_What this task involves_: What you should end up with is an exact copy of the lines from the one holding "nido un pronunciamiento, esperamos" through the last line of the entries below, both included, and nothing else; leave every picture out.

Input data START

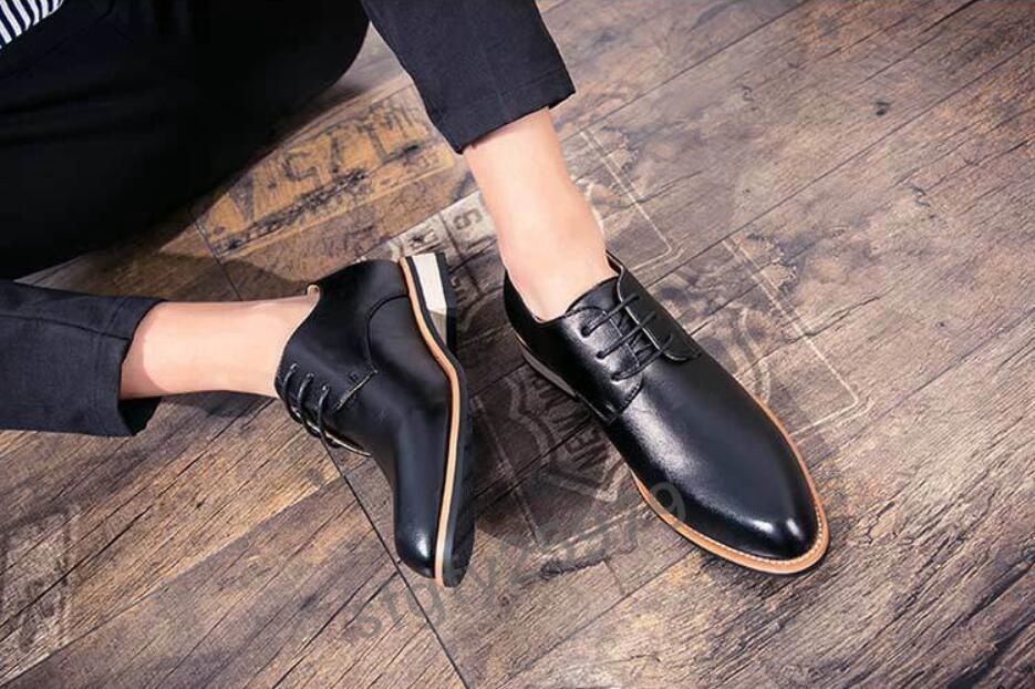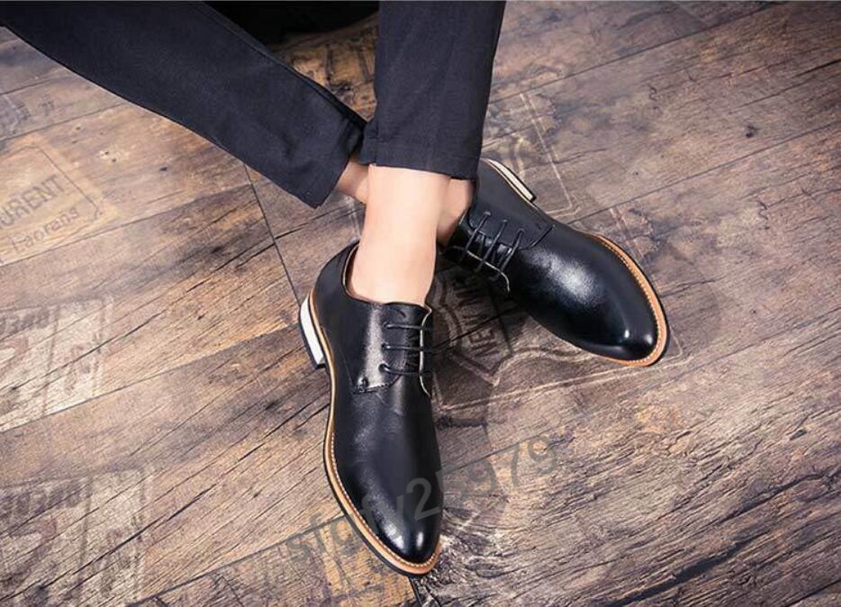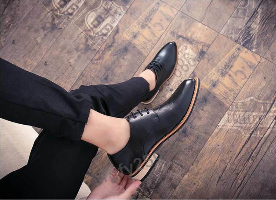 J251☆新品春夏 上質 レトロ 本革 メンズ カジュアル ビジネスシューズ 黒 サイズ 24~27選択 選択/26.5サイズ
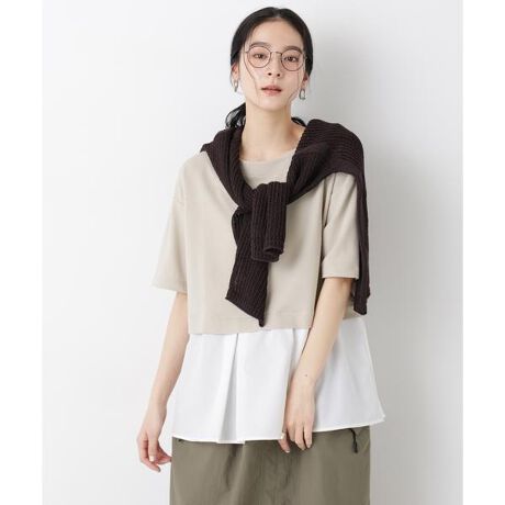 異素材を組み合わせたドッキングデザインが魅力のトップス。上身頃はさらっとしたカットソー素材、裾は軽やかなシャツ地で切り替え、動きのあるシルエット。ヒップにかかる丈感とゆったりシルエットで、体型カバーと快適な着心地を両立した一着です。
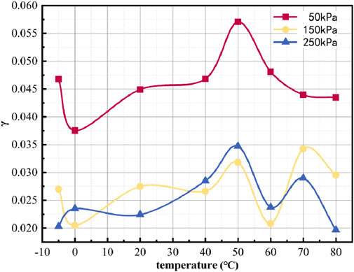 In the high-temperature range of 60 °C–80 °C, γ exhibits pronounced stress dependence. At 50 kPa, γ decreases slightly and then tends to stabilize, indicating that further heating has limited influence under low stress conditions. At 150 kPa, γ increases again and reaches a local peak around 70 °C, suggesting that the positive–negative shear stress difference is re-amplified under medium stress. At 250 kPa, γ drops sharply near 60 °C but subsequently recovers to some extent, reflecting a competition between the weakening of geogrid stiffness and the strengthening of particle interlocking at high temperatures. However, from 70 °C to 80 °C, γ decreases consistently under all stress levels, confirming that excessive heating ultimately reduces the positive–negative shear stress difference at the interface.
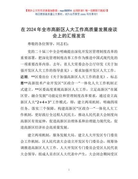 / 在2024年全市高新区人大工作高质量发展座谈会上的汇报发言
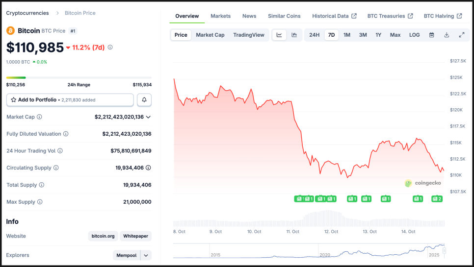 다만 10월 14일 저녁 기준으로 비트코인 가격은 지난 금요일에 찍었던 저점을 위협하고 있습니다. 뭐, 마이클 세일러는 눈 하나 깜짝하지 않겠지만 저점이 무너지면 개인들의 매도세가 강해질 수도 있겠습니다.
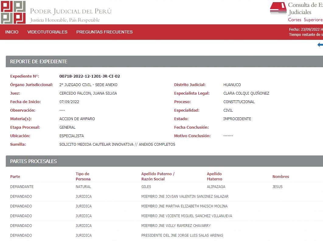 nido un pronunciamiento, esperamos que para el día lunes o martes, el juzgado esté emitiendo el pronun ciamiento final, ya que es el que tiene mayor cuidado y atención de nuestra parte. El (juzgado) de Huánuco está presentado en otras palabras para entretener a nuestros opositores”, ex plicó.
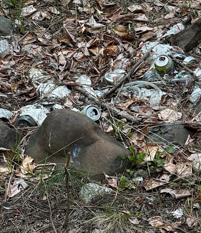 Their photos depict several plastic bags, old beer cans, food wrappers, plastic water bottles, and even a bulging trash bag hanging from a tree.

Input data END

_Solution to this task_:
 nido un pronunciamiento, esperamos que para el día lunes o martes, el juzgado esté emitiendo el pronun ciamiento final, ya que es el que tiene mayor cuidado y atención de nuestra parte. El (juzgado) de Huánuco está presentado en otras palabras para entretener a nuestros opositores”, ex plicó.
 Their photos depict several plastic bags, old beer cans, food wrappers, plastic water bottles, and even a bulging trash bag hanging from a tree.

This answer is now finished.